- _EXERCISE REQUIREMENTS_
Copy the listing exactly; drop the pictures.

- _DATA SECTION_
╭──

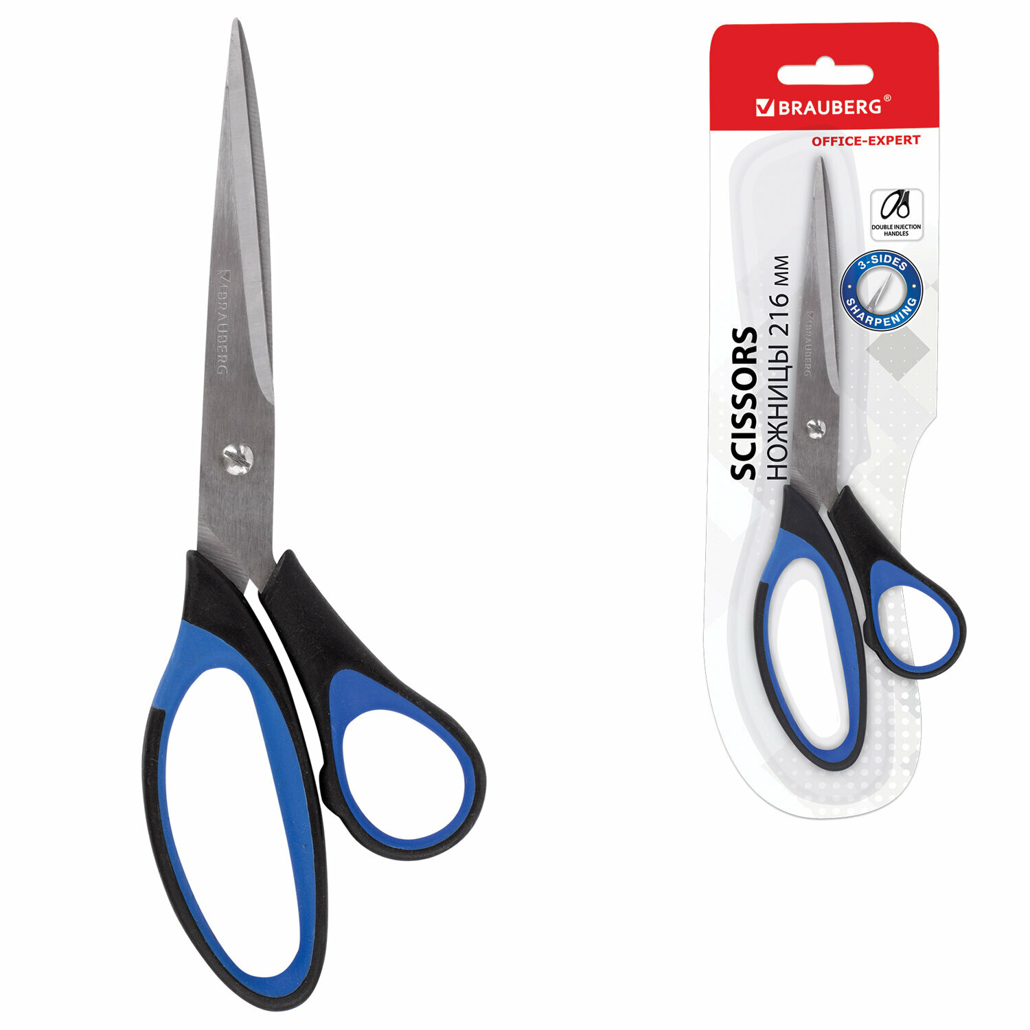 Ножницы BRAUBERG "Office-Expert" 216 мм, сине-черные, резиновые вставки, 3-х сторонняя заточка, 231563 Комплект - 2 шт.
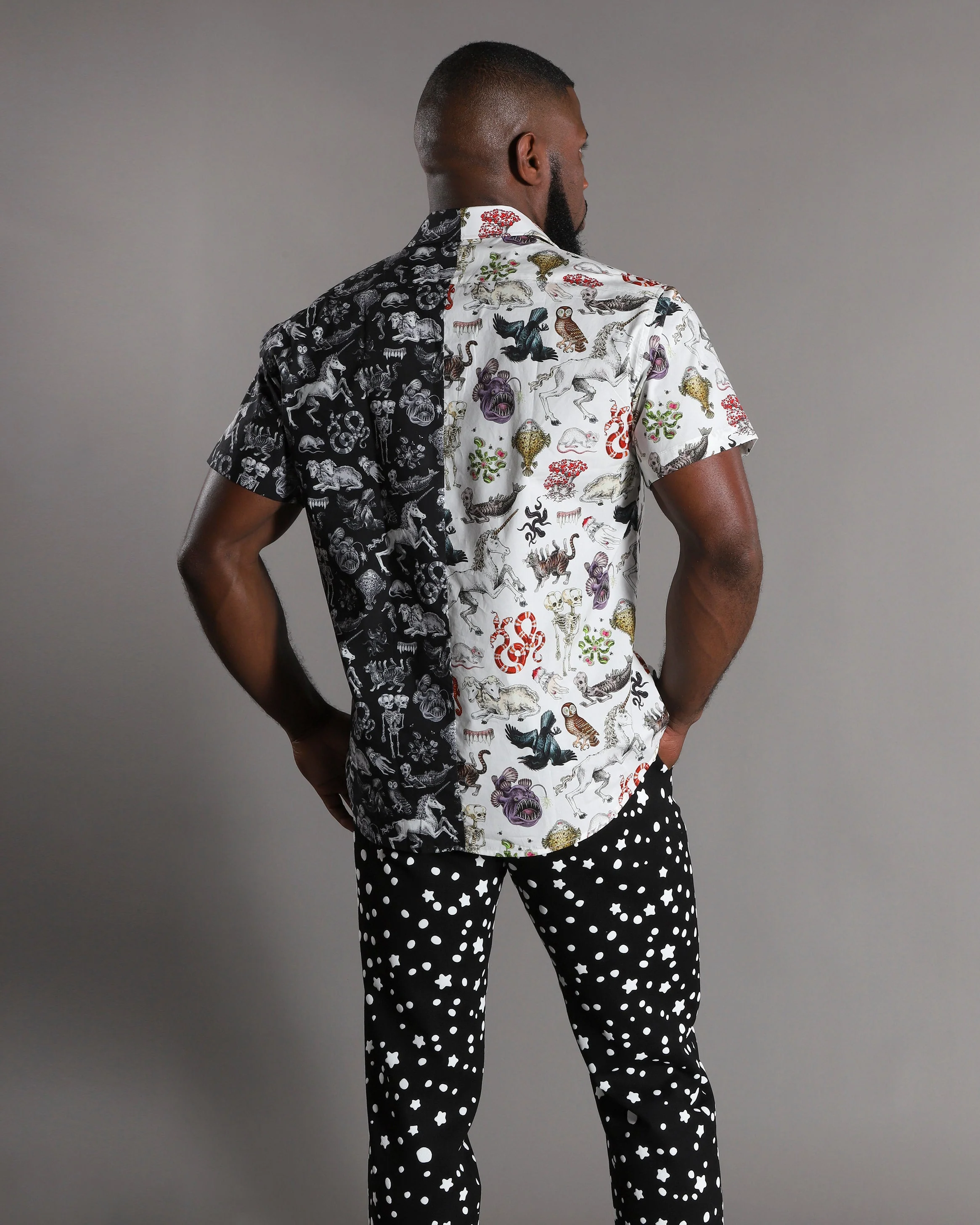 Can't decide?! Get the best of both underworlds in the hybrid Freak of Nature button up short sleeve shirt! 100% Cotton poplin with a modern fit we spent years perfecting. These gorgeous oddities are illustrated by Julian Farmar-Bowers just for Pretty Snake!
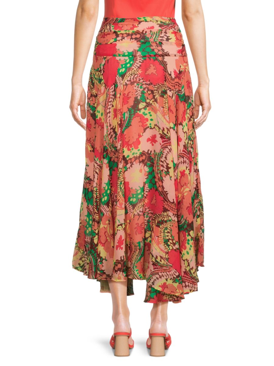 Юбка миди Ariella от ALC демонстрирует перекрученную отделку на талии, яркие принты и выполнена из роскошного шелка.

╰──

- _OUTPUT OF THE TASK_
 Ножницы BRAUBERG "Office-Expert" 216 мм, сине-черные, резиновые вставки, 3-х сторонняя заточка, 231563 Комплект - 2 шт.
 Can't decide?! Get the best of both underworlds in the hybrid Freak of Nature button up short sleeve shirt! 100% Cotton poplin with a modern fit we spent years perfecting. These gorgeous oddities are illustrated by Julian Farmar-Bowers just for Pretty Snake!
 Юбка миди Ariella от ALC демонстрирует перекрученную отделку на талии, яркие принты и выполнена из роскошного шелка.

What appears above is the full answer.